---- Data
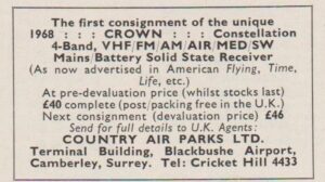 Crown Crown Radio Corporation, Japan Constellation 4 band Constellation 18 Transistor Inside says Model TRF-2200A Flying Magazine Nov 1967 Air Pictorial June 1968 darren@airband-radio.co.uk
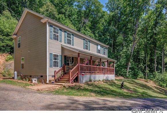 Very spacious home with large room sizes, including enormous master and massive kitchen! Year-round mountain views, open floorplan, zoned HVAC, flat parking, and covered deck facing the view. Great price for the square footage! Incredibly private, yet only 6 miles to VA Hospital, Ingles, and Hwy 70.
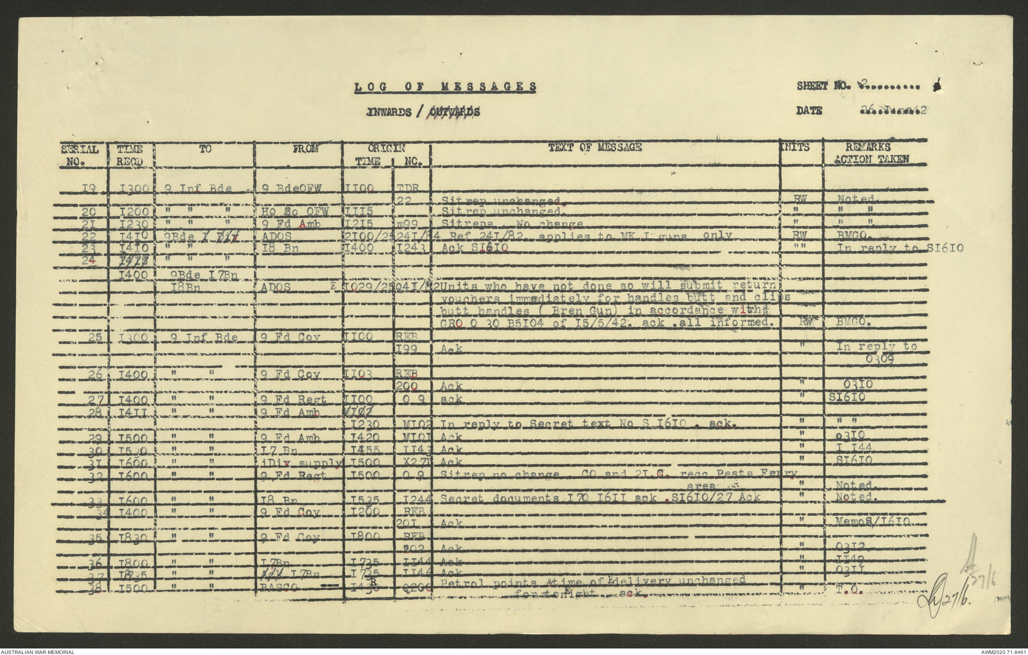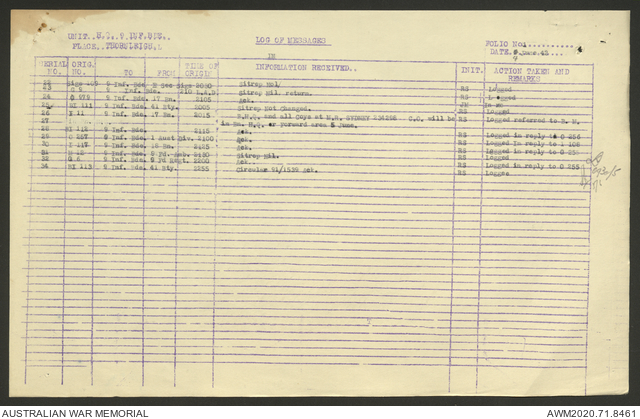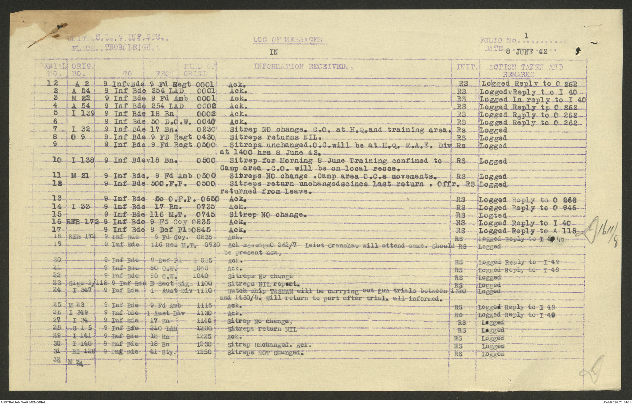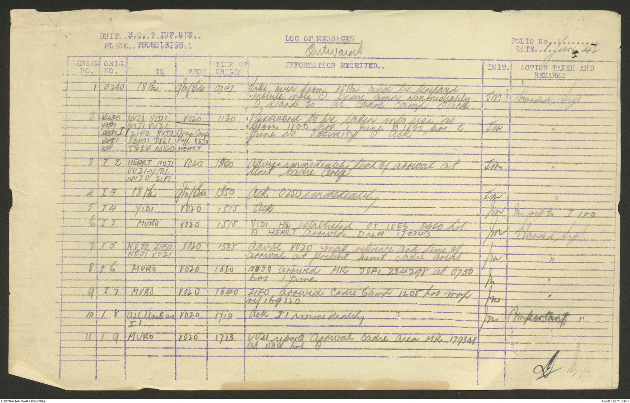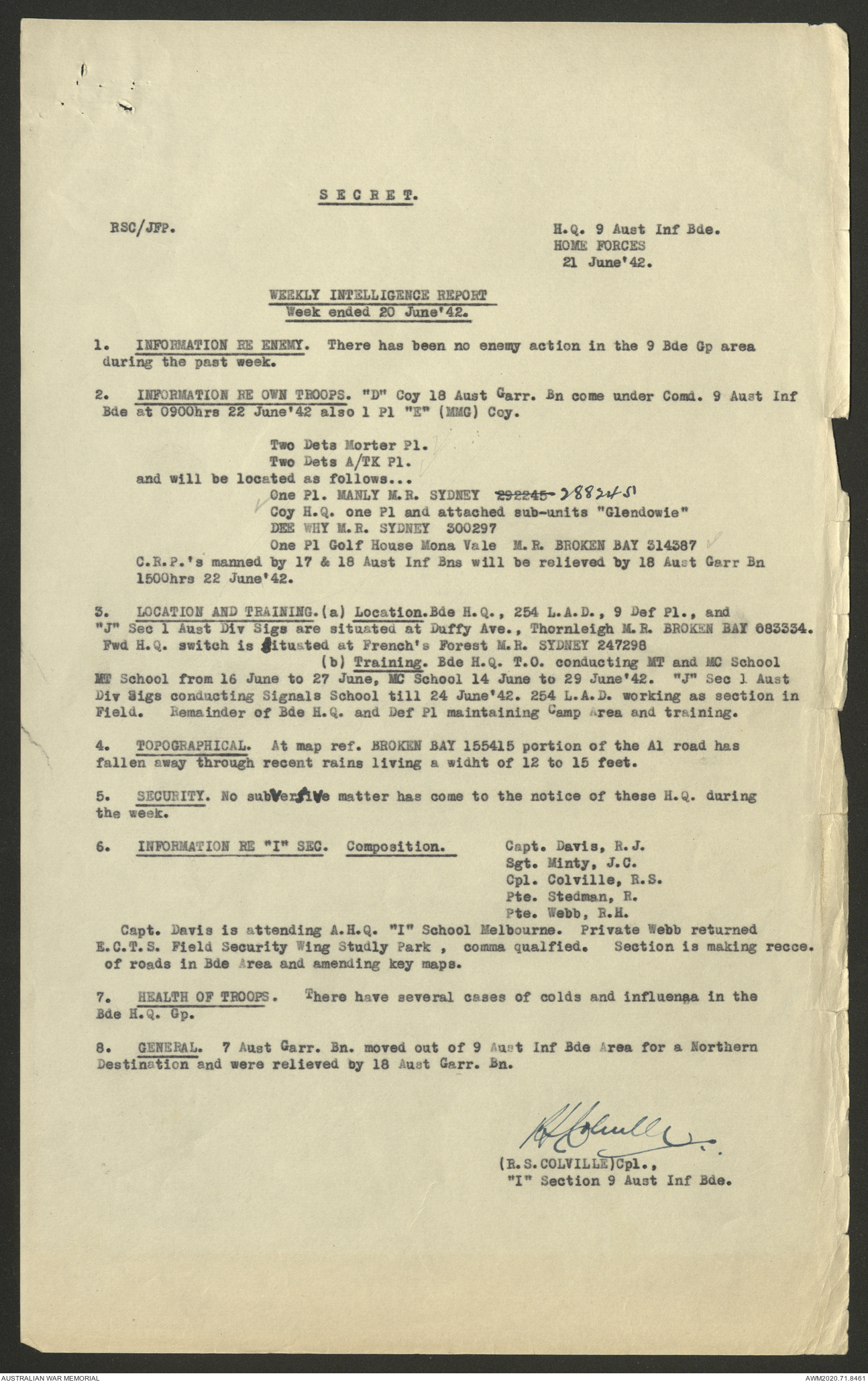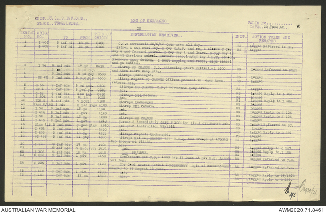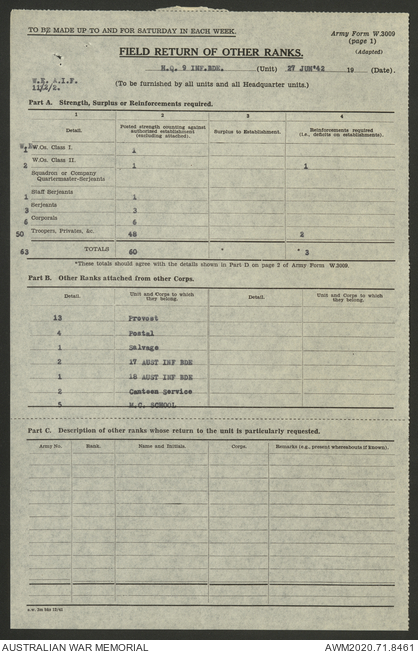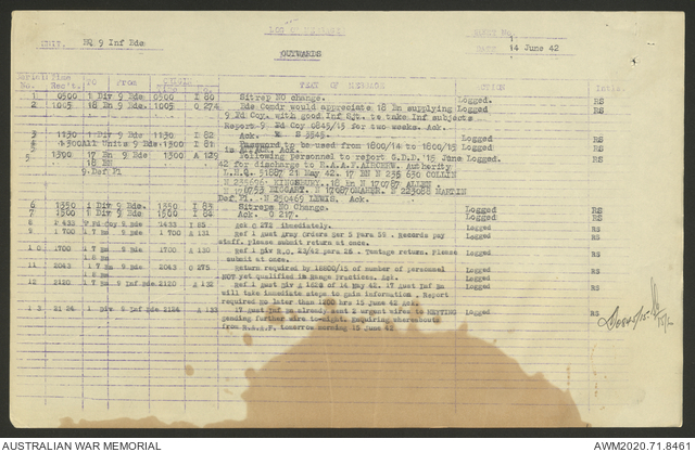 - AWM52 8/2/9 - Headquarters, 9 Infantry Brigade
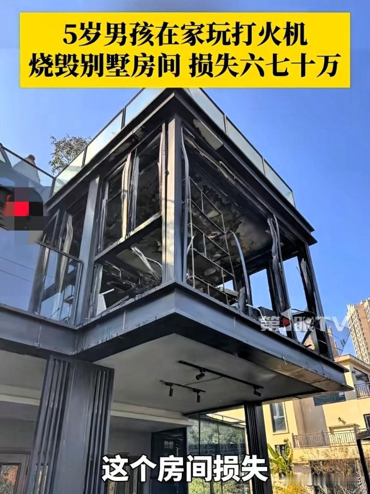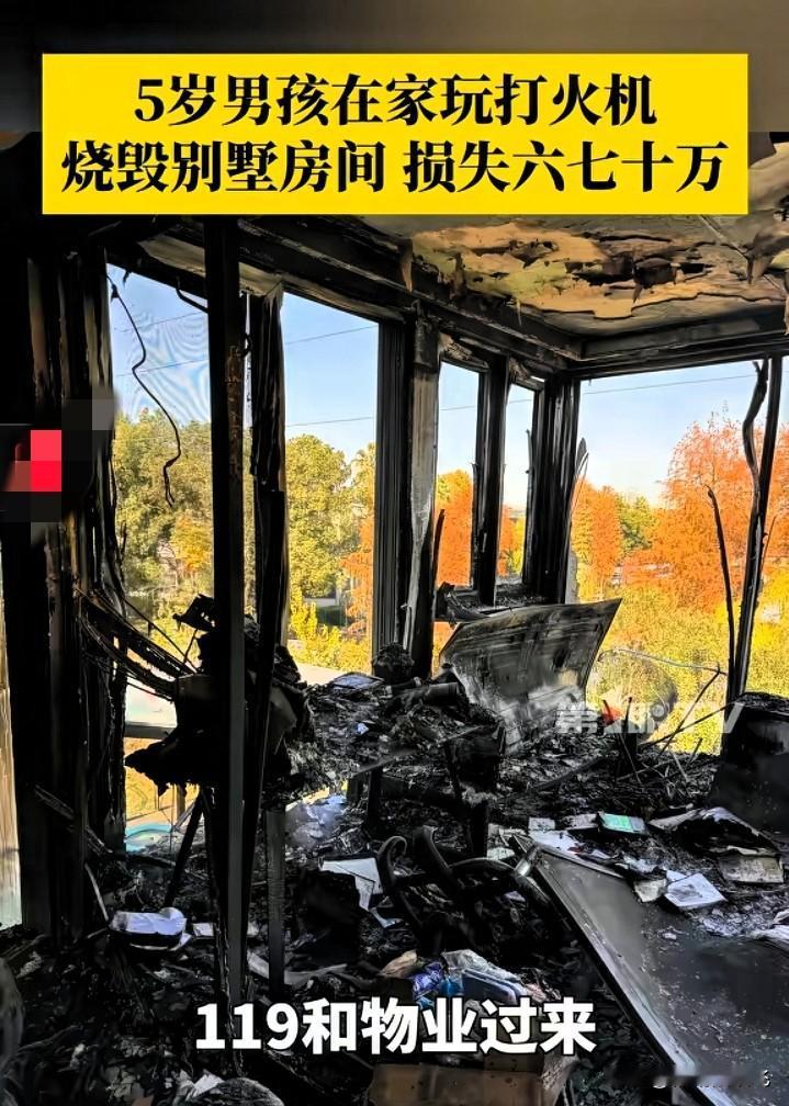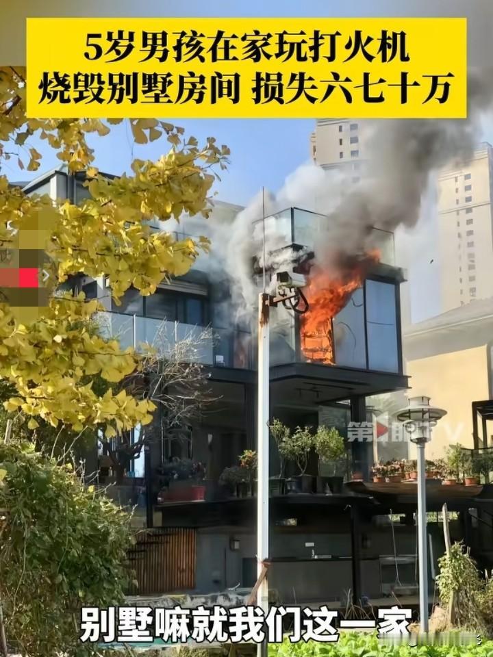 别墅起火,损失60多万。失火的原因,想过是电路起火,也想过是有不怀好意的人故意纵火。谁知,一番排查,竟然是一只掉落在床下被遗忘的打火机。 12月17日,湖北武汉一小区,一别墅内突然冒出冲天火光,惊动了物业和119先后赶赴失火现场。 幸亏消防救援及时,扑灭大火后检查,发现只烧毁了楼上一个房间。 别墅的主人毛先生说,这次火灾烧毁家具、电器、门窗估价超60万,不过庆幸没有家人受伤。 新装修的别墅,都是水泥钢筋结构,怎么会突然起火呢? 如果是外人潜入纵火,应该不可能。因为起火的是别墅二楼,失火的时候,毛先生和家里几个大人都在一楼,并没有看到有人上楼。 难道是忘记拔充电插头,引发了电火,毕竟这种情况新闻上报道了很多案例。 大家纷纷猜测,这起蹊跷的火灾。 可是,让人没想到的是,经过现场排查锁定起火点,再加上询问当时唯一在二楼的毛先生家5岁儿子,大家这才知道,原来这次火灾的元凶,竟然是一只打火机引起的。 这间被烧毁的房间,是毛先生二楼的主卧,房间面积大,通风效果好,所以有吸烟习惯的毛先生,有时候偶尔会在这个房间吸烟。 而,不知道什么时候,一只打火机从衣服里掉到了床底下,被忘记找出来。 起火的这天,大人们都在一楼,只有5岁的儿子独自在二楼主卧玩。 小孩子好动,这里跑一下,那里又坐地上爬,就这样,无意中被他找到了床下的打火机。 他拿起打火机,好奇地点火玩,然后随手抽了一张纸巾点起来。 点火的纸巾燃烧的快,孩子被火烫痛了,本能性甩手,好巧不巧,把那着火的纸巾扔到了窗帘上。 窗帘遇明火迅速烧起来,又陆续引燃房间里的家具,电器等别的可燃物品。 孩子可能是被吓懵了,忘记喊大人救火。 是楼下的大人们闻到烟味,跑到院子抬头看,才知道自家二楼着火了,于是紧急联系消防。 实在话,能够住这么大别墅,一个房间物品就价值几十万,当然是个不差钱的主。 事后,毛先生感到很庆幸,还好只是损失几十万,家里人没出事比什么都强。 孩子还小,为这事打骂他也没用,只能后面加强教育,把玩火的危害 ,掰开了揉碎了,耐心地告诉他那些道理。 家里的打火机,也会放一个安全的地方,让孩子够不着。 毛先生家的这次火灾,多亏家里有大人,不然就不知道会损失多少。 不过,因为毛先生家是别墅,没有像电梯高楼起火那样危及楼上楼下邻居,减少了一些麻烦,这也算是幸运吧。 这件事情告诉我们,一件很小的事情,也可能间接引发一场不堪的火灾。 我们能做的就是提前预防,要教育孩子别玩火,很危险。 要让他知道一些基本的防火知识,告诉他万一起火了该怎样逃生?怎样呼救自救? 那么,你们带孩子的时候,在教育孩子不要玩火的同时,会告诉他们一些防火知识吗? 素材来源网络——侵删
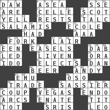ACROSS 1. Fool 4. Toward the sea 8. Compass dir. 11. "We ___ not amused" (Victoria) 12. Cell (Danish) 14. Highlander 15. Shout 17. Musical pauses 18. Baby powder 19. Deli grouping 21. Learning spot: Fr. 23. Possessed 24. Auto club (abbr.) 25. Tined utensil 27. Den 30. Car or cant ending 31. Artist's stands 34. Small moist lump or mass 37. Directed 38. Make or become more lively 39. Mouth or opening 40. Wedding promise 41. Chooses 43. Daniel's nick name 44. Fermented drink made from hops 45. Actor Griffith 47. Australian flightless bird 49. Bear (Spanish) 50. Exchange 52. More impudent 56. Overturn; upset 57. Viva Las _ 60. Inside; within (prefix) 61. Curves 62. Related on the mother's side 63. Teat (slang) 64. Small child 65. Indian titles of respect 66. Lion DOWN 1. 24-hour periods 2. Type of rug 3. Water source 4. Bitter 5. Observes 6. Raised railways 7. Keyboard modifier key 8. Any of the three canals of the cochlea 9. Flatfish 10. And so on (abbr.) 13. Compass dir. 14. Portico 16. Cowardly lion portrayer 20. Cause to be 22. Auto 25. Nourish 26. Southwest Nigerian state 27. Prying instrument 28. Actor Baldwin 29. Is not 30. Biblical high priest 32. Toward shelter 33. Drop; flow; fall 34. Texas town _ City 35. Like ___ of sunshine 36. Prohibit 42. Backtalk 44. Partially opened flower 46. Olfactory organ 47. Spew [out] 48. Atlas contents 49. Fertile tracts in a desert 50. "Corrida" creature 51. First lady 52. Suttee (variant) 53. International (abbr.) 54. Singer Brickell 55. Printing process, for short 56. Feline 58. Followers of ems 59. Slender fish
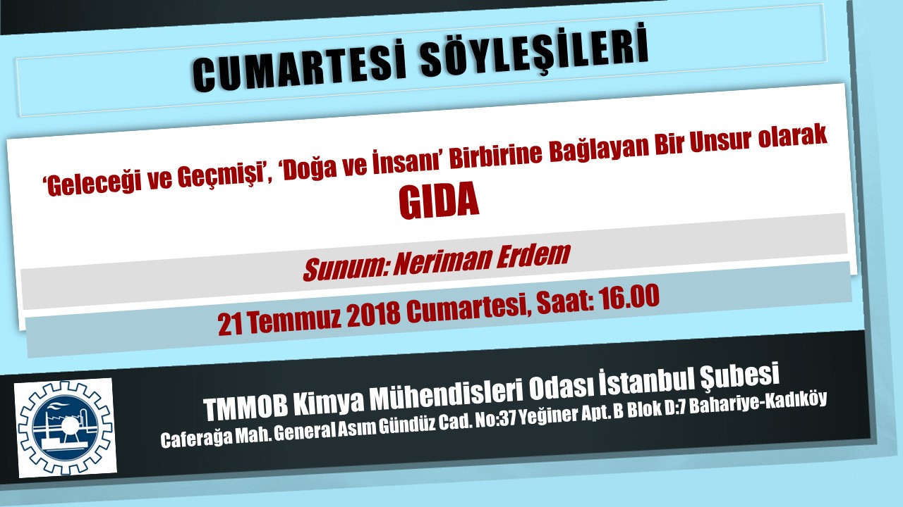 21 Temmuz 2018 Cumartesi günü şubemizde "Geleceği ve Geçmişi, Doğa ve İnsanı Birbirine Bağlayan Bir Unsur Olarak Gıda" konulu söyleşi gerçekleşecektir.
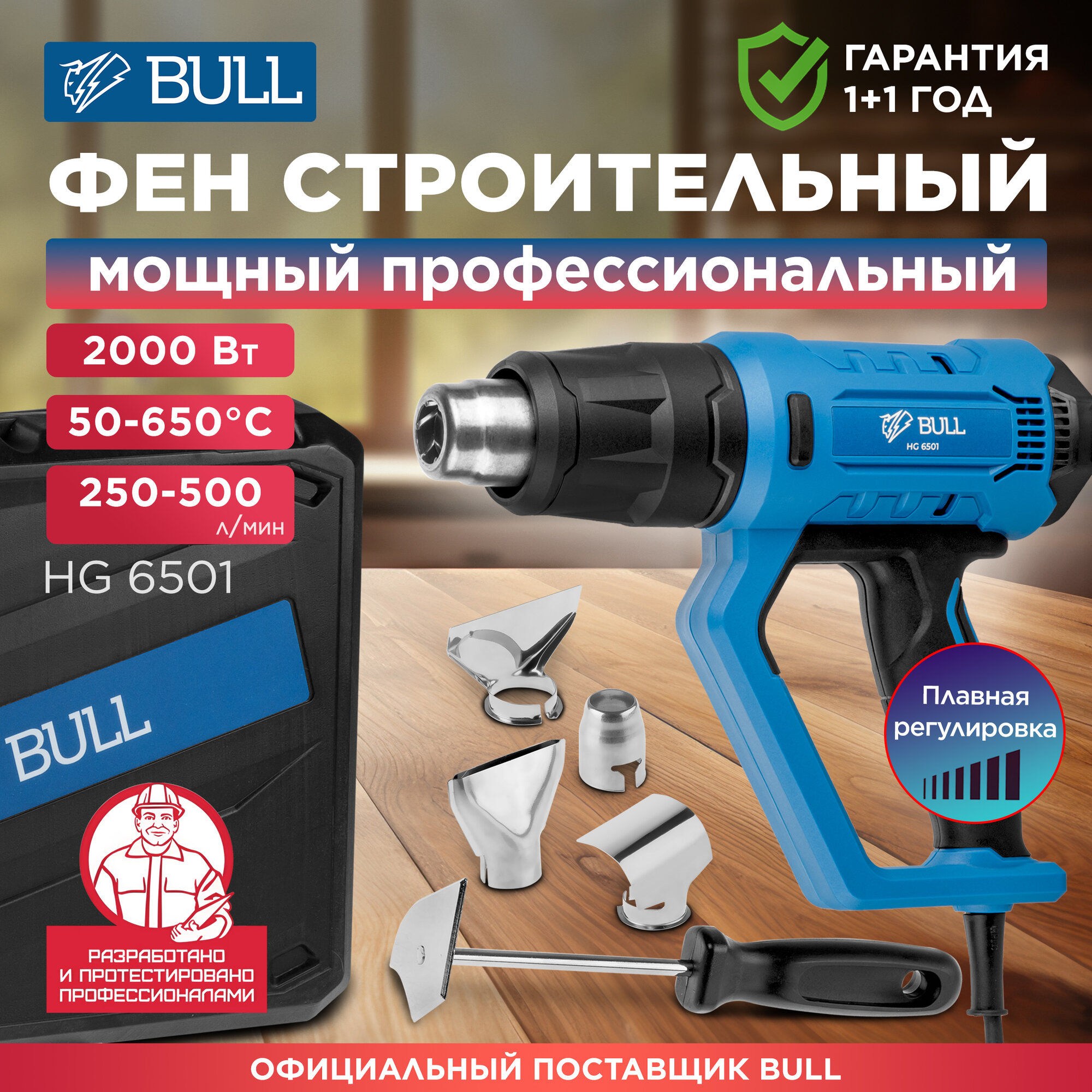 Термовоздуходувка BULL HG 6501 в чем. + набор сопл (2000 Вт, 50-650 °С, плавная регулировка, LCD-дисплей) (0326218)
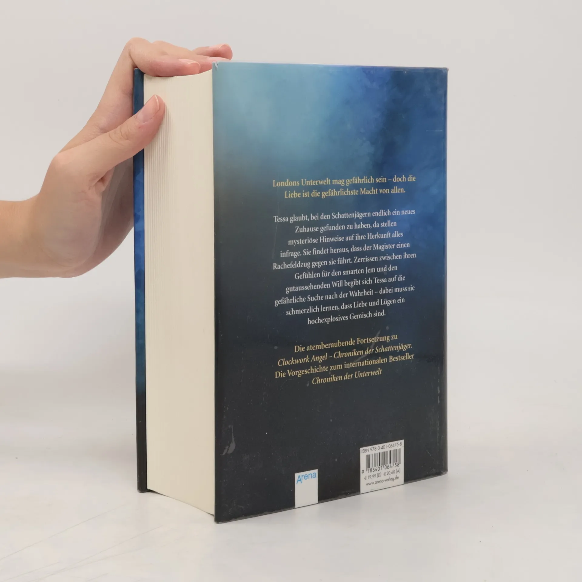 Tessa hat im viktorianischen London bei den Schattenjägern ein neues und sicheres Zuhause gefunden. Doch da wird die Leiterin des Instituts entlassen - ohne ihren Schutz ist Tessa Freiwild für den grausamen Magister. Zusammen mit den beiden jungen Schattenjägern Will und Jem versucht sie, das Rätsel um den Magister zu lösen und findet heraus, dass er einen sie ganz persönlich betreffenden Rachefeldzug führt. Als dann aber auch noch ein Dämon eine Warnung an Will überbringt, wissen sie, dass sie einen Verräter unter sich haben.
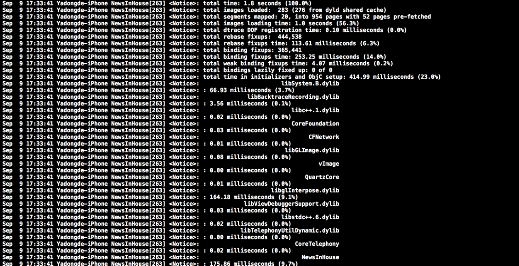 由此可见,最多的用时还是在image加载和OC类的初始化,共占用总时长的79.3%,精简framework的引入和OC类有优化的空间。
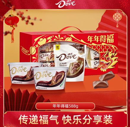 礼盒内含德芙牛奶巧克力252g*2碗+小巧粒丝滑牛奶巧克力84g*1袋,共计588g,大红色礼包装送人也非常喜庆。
--------
To do: Go from the first line of the data above to the line containing "- AWM52 8/2/9" and retype exactly those lines, both included, but none of the pictures.

The completed task:
 Crown Crown Radio Corporation, Japan Constellation 4 band Constellation 18 Transistor Inside says Model TRF-2200A Flying Magazine Nov 1967 Air Pictorial June 1968 darren@airband-radio.co.uk
 Very spacious home with large room sizes, including enormous master and massive kitchen! Year-round mountain views, open floorplan, zoned HVAC, flat parking, and covered deck facing the view. Great price for the square footage! Incredibly private, yet only 6 miles to VA Hospital, Ingles, and Hwy 70.
 - AWM52 8/2/9 - Headquarters, 9 Infantry Brigade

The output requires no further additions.